Rebirth.

Founding mothers
Apple hearts and prudent tarts
Each bite conclude one thing
Pleasing hips and sugared quips
You never know what I mean
Contradicting 
First
World ripping
Honored puzzles
Reclaiming piece
Second
Winds rise
Paper for those
Presuppose
Make sense of thinking
Third
Holy smoke and waters choke
This is how I come clean
Painful grins pour
Forth
Wooden ladle drips
Each taking turns
Markets further yearn
Fifth
Creation bliss
Slight of man
Rebirth
The ride
Narrow as wide

Be Here Now.

Suppressing golden shadows
Fleece to fit
True denim grip
Well mannered protons spill
Heights to ground
Limbs desiring soft and round
Uneven oddity stars
Adjacent peril
Enchanted reflections dip
Suited formally
Enrobed in fiction
Like moths to a stain
Bright knowledge refrain
Unfurling contractions
Sheared to skin
What holds you know only begins
Encoded split
Sound the sheath
Rivers ending deep
Panning in the shallows
Oil for life
Formed here after
Charred wicks
Glossy sparks
Before the snuff
Don’t allow what once was be here now

Raw & Disorder.

   There was this one time a person confronted me at my place of work during a public event to tell me that they thought I was a dishonorable person. Said person went to nefarious means to gain such reflective insight, but the sight still remains. We feel and see the world how we view our own self. From enlightening to loathing, we mostly without knowingly hold onto the forms as if they’re our own. Sure, there have been a few folks who’ve feared my bloggery. I have no problem with that, for it’s not mine to have. What is your problem today? The problems that do arise at times that I choose to take on are those that affect the basics. Survival and safety are what we’ve been after from before our very existence. If those basic necessities are threatened in any way, humanity tends to take on a plethora of primal, unexpected, and divergent shapes and forms.

  Many creatures from human to protozoa on this great and amazing planet have their basics endangered everyday. In this age of captive time, ever increasing power to the few, and accelerating technology; it is entropy that will always remain constant. Disorder is more probable than order. If you feel uneasy, hopeless, stuck, and or depressed as a direct cause of these modern times then I say to you, do something about it. I call earnestly to those who feel despair to; write your local government and tell them exactly how you really feel, be compassionate and aware of yourself, learn from fear for it is an acute teacher, paint our towns with bold and peaceful protests, cry tears of gratitude for all those who paved the way to here and now, shout impeccable words that need to be heard, and most importantly create a safe place and share that space with all you know and hold dear.

The Unifying Theory of She.

Irony for me, is a girl named Voice too choked up on words to speak
Life long lessons shot out them baby blues like a beam
Taking in all spoken directly, as if laid at her own feet to weep
In her world, when let in, she sings; “sorry about the mess”
I confess
Discrete impressions
Quietly caught between that which she has
Yet undone
Everything came before
Her essence run
In solace cohesion
No longer harboring margins & lines
Noting her felt experience
Seasoned by time
Fed with feeling
Drunk on resonant healing
Pouring forth perspective liberally
No more ironic than I am she

I Am Not My Story.


   From head to toe I was riddled with tales of shame, abandonment, and betrayal.

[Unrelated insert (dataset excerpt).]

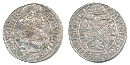 3 Krejcar 1667, Vratislav-Hammerschmidt, Nech.737, MKČ.1619, Her.1536, opis končí ...SIL:_tém.

Marred by feeling preyed upon, victimized. Each time I survived I would inevitably assign fault onto various nouns outside and inside myself. In turn, the blame game had created resistance from the very truth and feelings I needed to face and live through but instead I made the choice to live with; striving in pity, nobility, and self-righteousness. I was swiftly aging in a cocoon of chronic stress.

   Perhaps I didn’t know any better, but that doesn’t matter. What does is I do now. I understand that the memories I had clung to no longer serve me. Afraid to let go because that meant dealing with a reality of raw emotions that I refused to make time for. “I don’t have time for this” with that said, I would miss my direct opportunity to live through feelings by experience, instead I allowed myself to be left clutching a flaming bag of fear, anger, and guilt. Ultimately leading to dis-ease, by storing the toxicity in hidden pockets throughout my whole being; mind, body and soul. Excess baggage. I had been coping in lieu of surrendering to each feeling moment by moment as it arises and then moving on by letting them go.

   Healing must begin within. There is no magic pill, guru, god, or surgery that will clear away the mind’s own wreckage or restore peace, love, and joy. Our life experiences create a story, but that isn’t who we fundamentally are. I am not my story, and luckily neither are you.